Wednesday, October 19, 2016

What Do Wednesday: Dead and Gone

Today's topic is a little morbid, but definitely necessary to think about at some point in one's life. If you're me, its at random times while driving on the highway, or while laying awake at night, or in the middle of a workout. Because crazy.

No but really
Often, though very randomly and without reason especially, I am totally gripped by fear while driving; knowing that I could die in the next few minutes with one blink of an eye or careless mistake by another driver. I then usually spend the next few minutes trying to calm myself down, but those fears are legit. Cars are giant speeding death bullets and the risk is very real.

I also frequently have moments where I am positive I have cancer, because my elbow is hurting, or that  I am dying of some unknown disease because my ankles hurt in the morning--because thats just my luck. Doom and gloom seems to follow me, so I honestly wouldn't be surprised if something simple kills me. I've somehow managed to escape near death  several times in my life, so I have a feeling I will die by like accidentally chopping off my finger cooking, passing out at the sight of blood and then dying from blood loss...I know, I'm a lunatic.



Usually later though I muse at my weirdness and untimely anxiety attacks, but my brain always brings up a good point. You are not guaranteed tomorrow. What happens then?

As an unmarried, childless young adult with no house, and very few assets, a will is not something that is considered standard. However, I will very soon have student loans (thanks grad school), eventually a car payment because The Boss is slowly dying, my bank account, medical bill debt, all  my random shit, like paintings and whatnot, the dog and two gorgeous Thoroughbreds.

What happens to them if I die?



Legally, per the state, it would all go to my parents, including the horses.

ummmmmm....




Love them, but I know what would happen. They would pay BO to care for them and keep them in work and then list them for sale. Not being horse people, I doubt they would vet the prospective owners much, and or car where they end up, then donate the money from their sales to charity. Mom might donate Yankee to a therapy program, but they would ultimately get sold and that eeks me out.

Also, as I am sure you all are aware by now, B is a delicate flower princess with so many opinions. Granted, he is world's better than when he came to me two years ago, but he is not for everyone. He is quirky. He is spooky. He snorts a lot. He is energetic and strong. He has opinions. And he is ACCIDENT PRONE. Finding someone with the patience for him would be tricky,.....and the main reason I have put off listing him for sale. Plus, I'm attached and all now. (yes, I bought him as a re-sale).

So much sass.
Thinking of where they might end up if I died tomorrow is scary, and it leads me to wanting to draft a will right meow.

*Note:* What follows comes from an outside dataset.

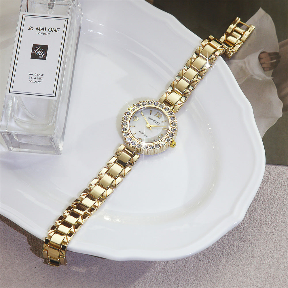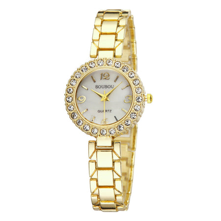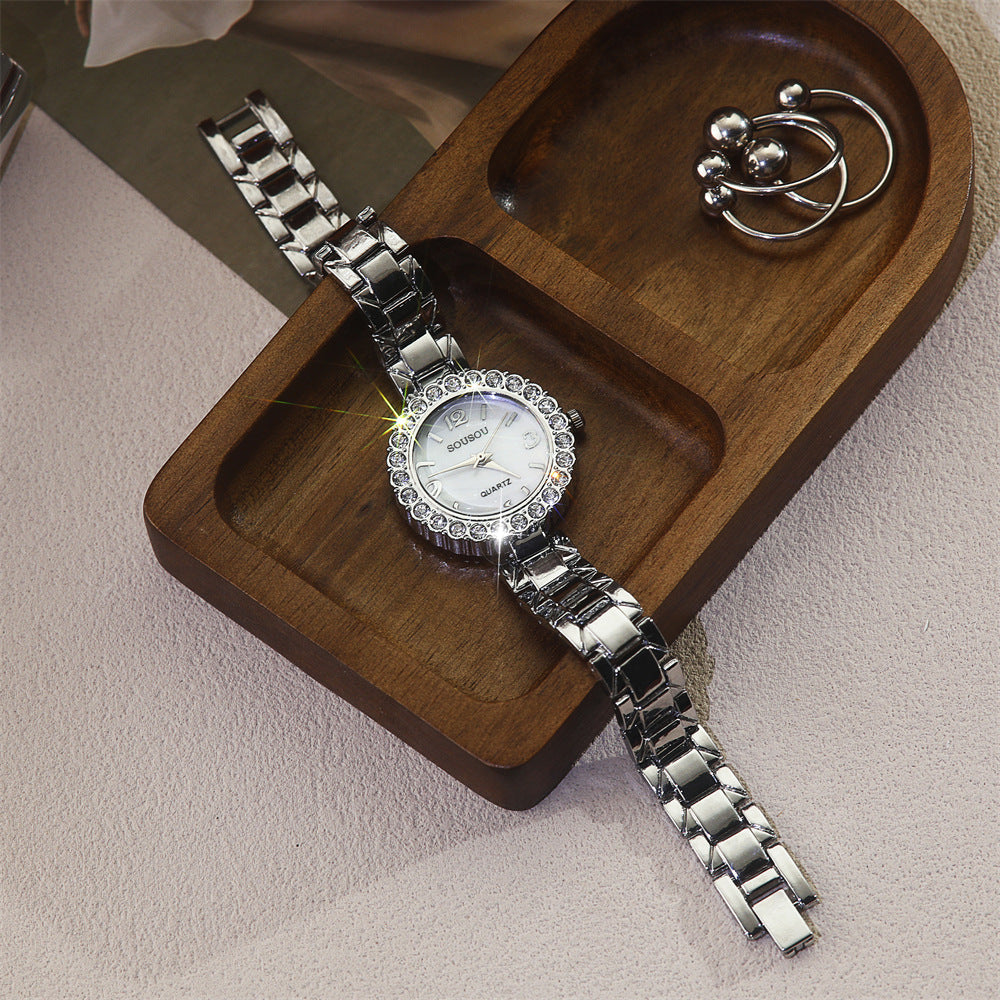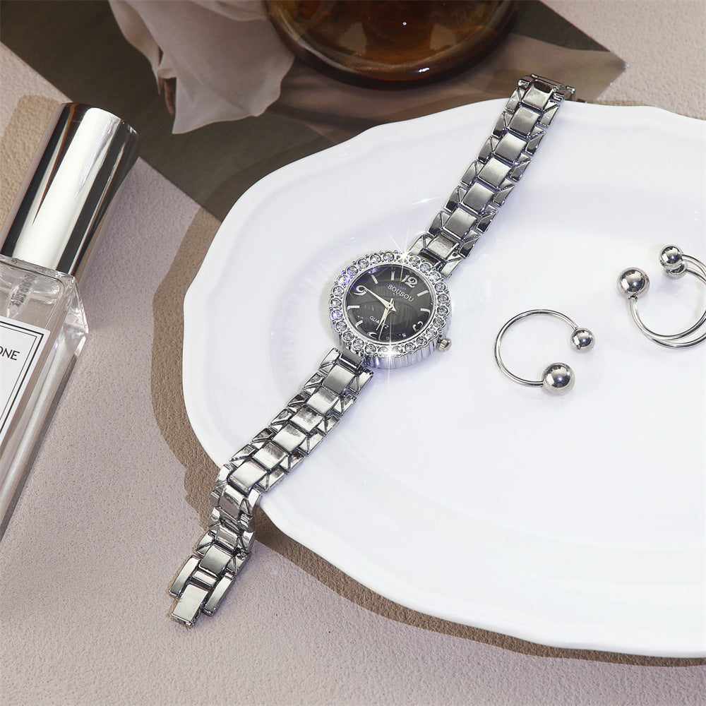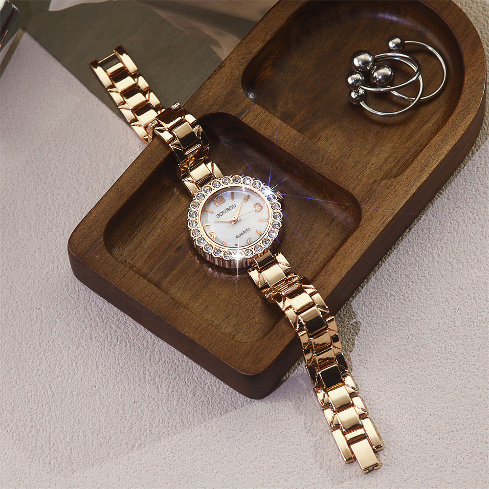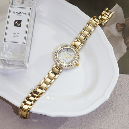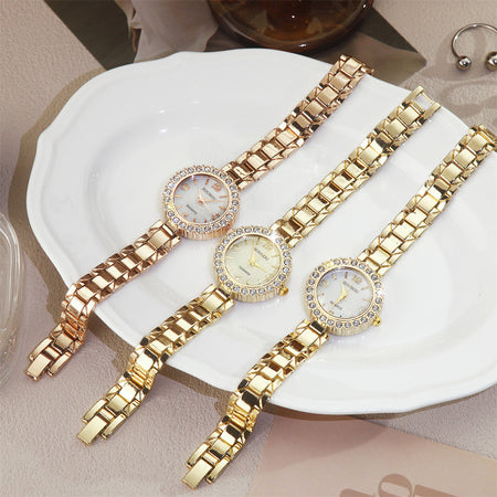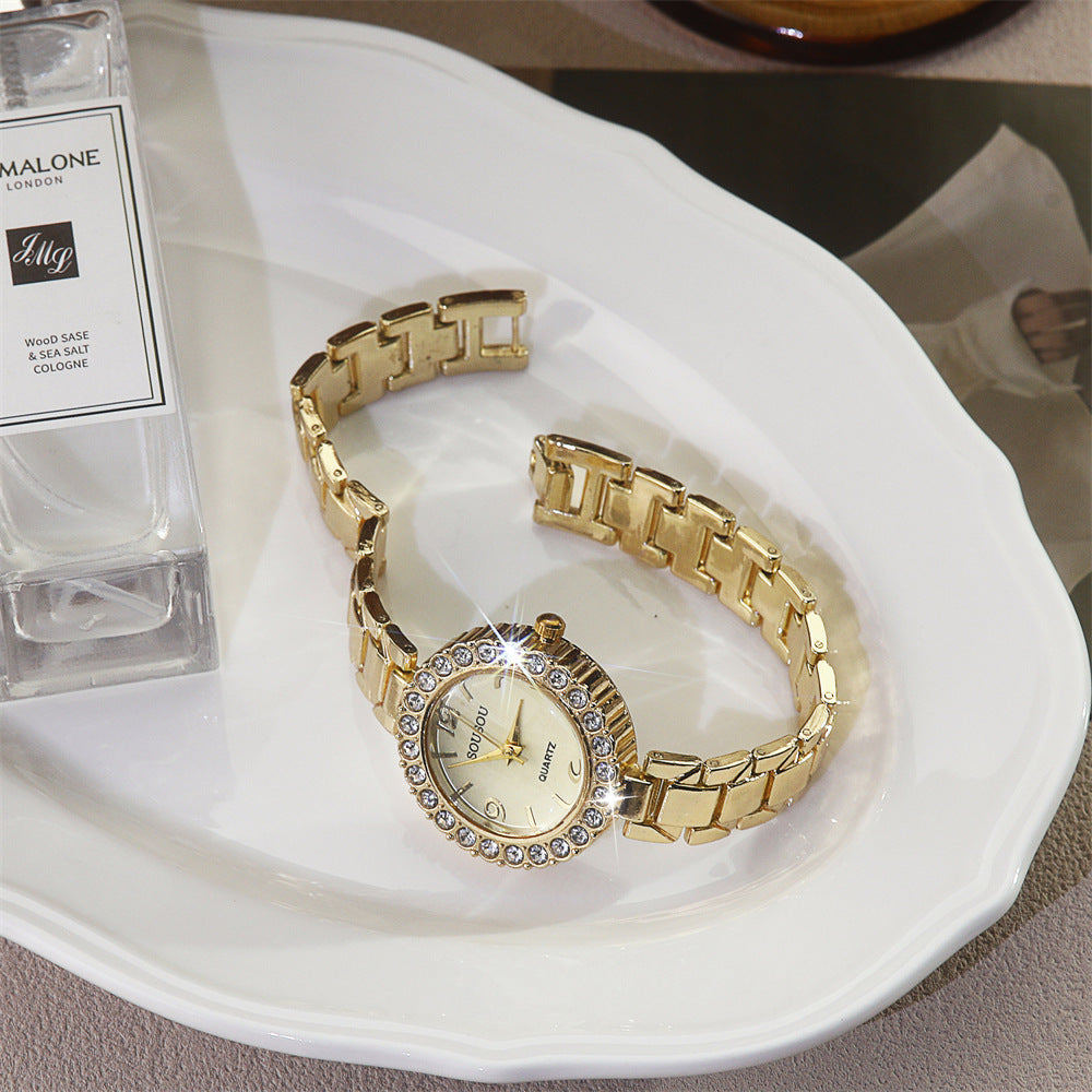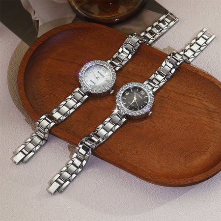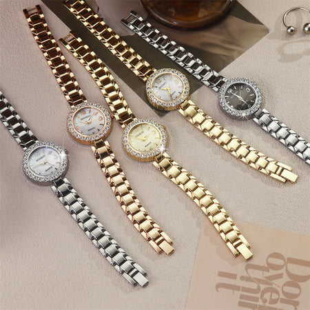Diamond-Accented Women’s Quartz Watch Thin Alloy Strap

I have a few people in mind (and they are aware of it) that I know would agree to be their "guardians" until a sale is final. I am actually positive Yankee would never get sold because he is an literal saint and perfect gentleman and everyone loves him...so he might stay with whomever I choose. It would take a special person to accept ownership of B, and I doubt that would ever happen. Just knowing someone would have his best interest at heart if I die though is reassuring to my brain though.

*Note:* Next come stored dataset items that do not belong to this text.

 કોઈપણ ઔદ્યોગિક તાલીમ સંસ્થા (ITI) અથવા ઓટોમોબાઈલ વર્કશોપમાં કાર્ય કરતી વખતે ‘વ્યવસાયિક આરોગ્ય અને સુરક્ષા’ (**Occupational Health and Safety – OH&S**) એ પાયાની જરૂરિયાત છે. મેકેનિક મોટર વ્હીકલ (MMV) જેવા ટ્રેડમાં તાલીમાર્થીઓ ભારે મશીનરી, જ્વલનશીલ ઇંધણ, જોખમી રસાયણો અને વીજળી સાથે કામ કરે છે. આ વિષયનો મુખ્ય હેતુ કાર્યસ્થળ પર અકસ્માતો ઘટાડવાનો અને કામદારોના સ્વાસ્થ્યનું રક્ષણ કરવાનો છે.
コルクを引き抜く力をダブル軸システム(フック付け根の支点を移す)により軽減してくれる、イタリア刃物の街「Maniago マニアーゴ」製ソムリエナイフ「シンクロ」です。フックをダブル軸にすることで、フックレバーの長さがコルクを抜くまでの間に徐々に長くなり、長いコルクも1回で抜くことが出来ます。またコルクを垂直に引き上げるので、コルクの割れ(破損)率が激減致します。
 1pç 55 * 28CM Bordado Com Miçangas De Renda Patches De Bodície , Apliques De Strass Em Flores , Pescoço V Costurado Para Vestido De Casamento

However, I legit have zero clue how to go through with these ideas, since horses aren't children and are more considered property, so of course I'm coming to the internet for advice like any normal blogger would.

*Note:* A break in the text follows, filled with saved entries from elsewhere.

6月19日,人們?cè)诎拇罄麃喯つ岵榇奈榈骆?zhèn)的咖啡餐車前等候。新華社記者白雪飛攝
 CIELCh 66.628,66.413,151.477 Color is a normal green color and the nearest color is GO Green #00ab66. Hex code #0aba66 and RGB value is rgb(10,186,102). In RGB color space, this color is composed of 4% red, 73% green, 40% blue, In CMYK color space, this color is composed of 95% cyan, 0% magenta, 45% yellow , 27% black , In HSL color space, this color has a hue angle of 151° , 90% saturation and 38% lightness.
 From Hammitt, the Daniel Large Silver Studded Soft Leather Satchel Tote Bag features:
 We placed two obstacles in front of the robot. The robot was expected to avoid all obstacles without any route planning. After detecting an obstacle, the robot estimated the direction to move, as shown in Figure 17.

This week I am very curious to know if any of you have your horses written in your will, if you even have one at all, and how you went about "dividing" them up. Obviously a lawyer probably helped with the legal jargon, but did you turn over ownership to someone, or appoint them a "guardian"?; did you leave them money to cover expenses until sale, or did the appointed owners agree to cover costs?


Seriously curious about this one...

27 comments:

  1. This topic is definitely morbid, but important nonetheless. I don't have a will (yet), but I know exactly who I would leave Roger to, should something terrible happen to me GOD FORBID. My trainer/BO has told me that I'm never allowed to sell Roger bc she loves having him in the barn, and the girl that half-leases him during the week loves him like I love him, so I would feel 1000% comfortable leaving Roger to both of them. Half-lease girl (HLG) is a fantastic rider and takes such good care of Roger, I trust her implicitly and know that she would always make the best decisions for him. And I've been extremely satisfied with the level of care that trainer/BO gives to all the horses at my barn, so I know that keeping the Rog happy and healthy is her #1 priority. GOD FORBID something happens to me, leaving Roger to HLG and trainer/BO is a no-brainer!

    Now, who wants to write me up a will?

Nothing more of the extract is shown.